Can nested learning help AI models stop forgetting?

Google Research has introduced "nested learning," a model design approach meant to reduce or even avoid "catastrophic forgetting." Its HOPE architecture uses memory systems that update at different speeds, with tests showing gains over Transformer++, RetNet, and DeltaNet.

WTF Index TERMINATOR
◄ Terminator 1 Idiocracy 0 ►

The story is mainly technical research that could make AI models more capable through durable memory, but it does not emphasize direct harm or loss of human skill.

Can nested learning help AI models stop forgetting?

Google Research is proposing a different way to think about memory in AI models. The idea, called "nested learning," is aimed at a central weakness in large language models: after training, they do not build durable new long-term memories in the way users might expect.

The work appears in a NeurIPS 2025 paper and focuses on reducing or potentially avoiding "catastrophic forgetting". Instead of treating a model as mostly fixed after pretraining, nested learning treats more of the learning system itself as memory.

Why forgetting is such a hard problem

Current large language models mainly rely on two sources of knowledge after training: what they absorbed during pretraining and what fits inside the current context window. That creates a practical limit. A model can respond to information in front of it, but that does not mean it has converted the information into lasting memory.

Making the context window larger can help the model look at more material at once. Retraining can also refresh what the model knows. But the source describes both approaches as ways of postponing the deeper issue rather than solving it.

The problem is especially important because modern models are generally static once pretraining is complete. They can use learned capabilities, but they do not easily acquire new ones outside the context available to them. More updates can make the forgetting problem worse, which is why the research focuses on model designs that can support continuous learning.

How nested learning reframes memory

Nested learning draws inspiration from neuroscience. The source describes the brain as operating across different time scales: faster circuits respond to what is happening now, while slower systems consolidate important patterns into longer-term memory.

That distinction matters because not every experience should become permanent. Most information fades, while a smaller set of patterns is preserved. The source connects this to neuroplasticity, the brain's ability to change while still retaining essential information.

Google Research applies that general idea to AI architecture. In nested learning, memory is not limited to a single component. The model, the optimizer, and the training algorithm are all treated as parts of a broader memory system.

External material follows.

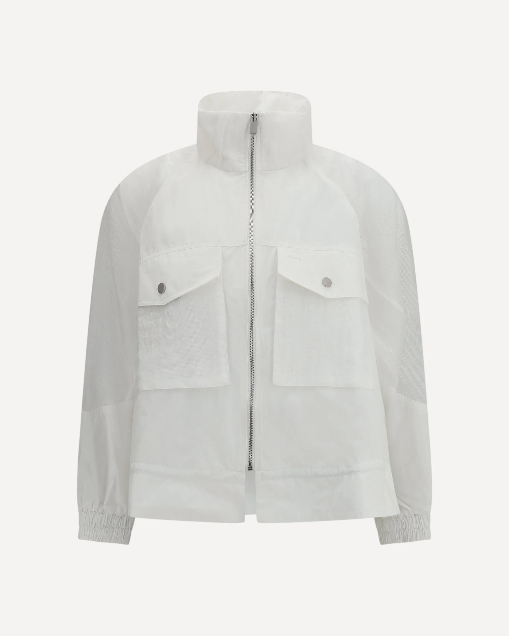 The Beth Jacket with transparent inserts by Pinko is an innovative garment, made from technical fabric reminiscent of taffeta, with transparent ripstop inserts on the sleeves, collar, and pockets, for a perfect blend of durability and lightness. The stand-up collar offers greater protection, while the raglan sleeves and elasticated cuffs ensure comfort and freedom of movement. The practical front bellows pockets with flap and button add functionality, while the zip closure and adjustable internal drawstring at the bottom allow you to customize the fit. DETAILS - Sku: 106592A325_Z04 - Season: SS26 - Fit: Regular - Composition: GENERAL 100% Polyester - MADE IN ITALY

That includes backpropagation, which stores relationships between data and errors. It also includes optimizer state, such as momentum, which can function as a form of memory. The broader goal is to give the system more temporal depth, so different parts can update at different speeds instead of forcing all learning into one flat process.

What the Continuum Memory System adds

The Continuum Memory System, or CMS, is the mechanism described in the source for dividing memory into modules with different update rates. Fast components can handle immediate input. Slower components can preserve signals that appear important enough to store for longer.

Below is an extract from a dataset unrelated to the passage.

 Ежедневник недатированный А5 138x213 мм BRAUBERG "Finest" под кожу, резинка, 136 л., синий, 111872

This layered design is meant to move beyond the usual "pretrain and freeze" pattern. In that older pattern, a model receives its core knowledge during training and then mostly depends on context at use time. Nested learning instead tries to make the learning process itself more adaptive.

The practical implication is straightforward: a model with multiple memory speeds can process the present while also deciding what deserves longer-term retention. That does not mean every new input becomes permanent. It means the architecture has a built-in way to separate short-lived information from patterns that may be worth keeping.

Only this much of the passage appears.